What to do |
Repeat the listing exactly, minus the pictures.

Source material |
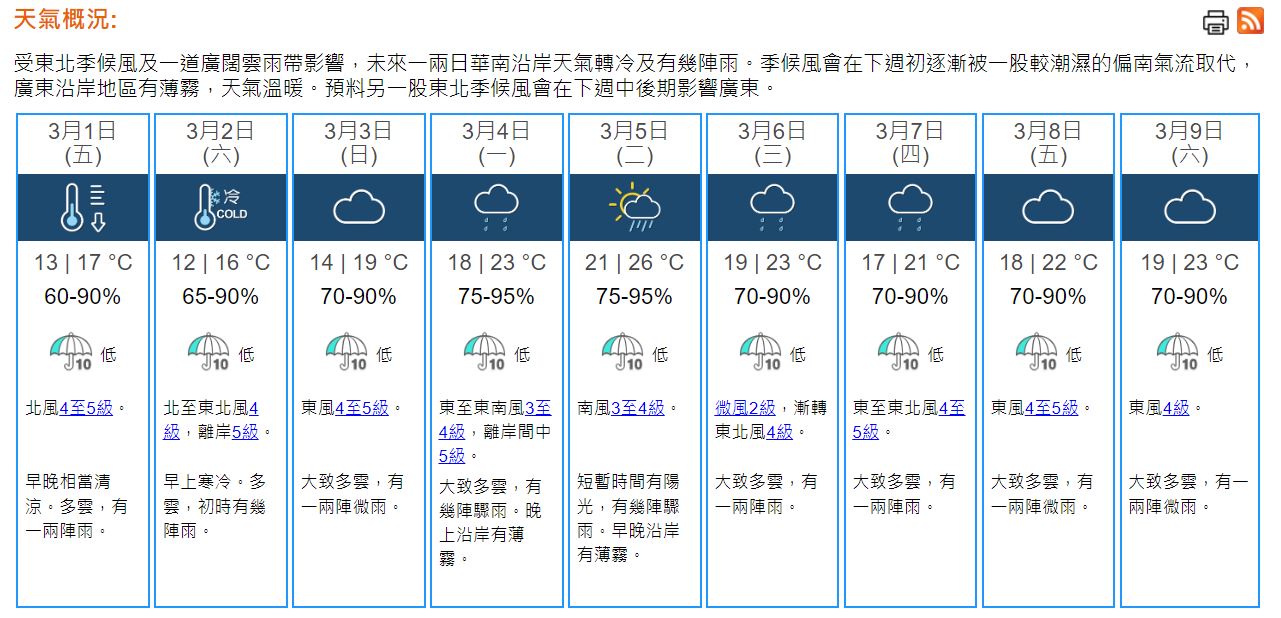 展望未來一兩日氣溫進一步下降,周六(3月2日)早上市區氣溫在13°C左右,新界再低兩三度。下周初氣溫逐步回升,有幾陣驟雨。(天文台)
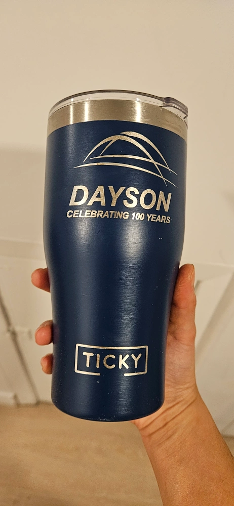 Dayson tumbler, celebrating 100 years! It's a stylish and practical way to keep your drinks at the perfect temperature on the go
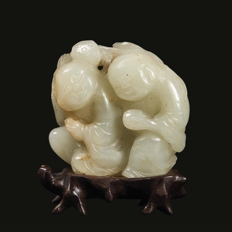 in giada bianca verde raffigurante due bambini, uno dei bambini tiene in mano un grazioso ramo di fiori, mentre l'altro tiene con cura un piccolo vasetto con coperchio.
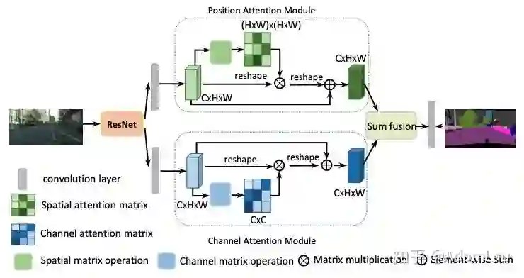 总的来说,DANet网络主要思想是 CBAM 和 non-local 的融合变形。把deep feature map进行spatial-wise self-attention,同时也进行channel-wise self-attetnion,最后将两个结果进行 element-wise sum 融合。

Completed exercise |
 展望未來一兩日氣溫進一步下降,周六(3月2日)早上市區氣溫在13°C左右,新界再低兩三度。下周初氣溫逐步回升,有幾陣驟雨。(天文台)
 Dayson tumbler, celebrating 100 years! It's a stylish and practical way to keep your drinks at the perfect temperature on the go
 in giada bianca verde raffigurante due bambini, uno dei bambini tiene in mano un grazioso ramo di fiori, mentre l'altro tiene con cura un piccolo vasetto con coperchio.
 总的来说,DANet网络主要思想是 CBAM 和 non-local 的融合变形。把deep feature map进行spatial-wise self-attention,同时也进行channel-wise self-attetnion,最后将两个结果进行 element-wise sum 融合。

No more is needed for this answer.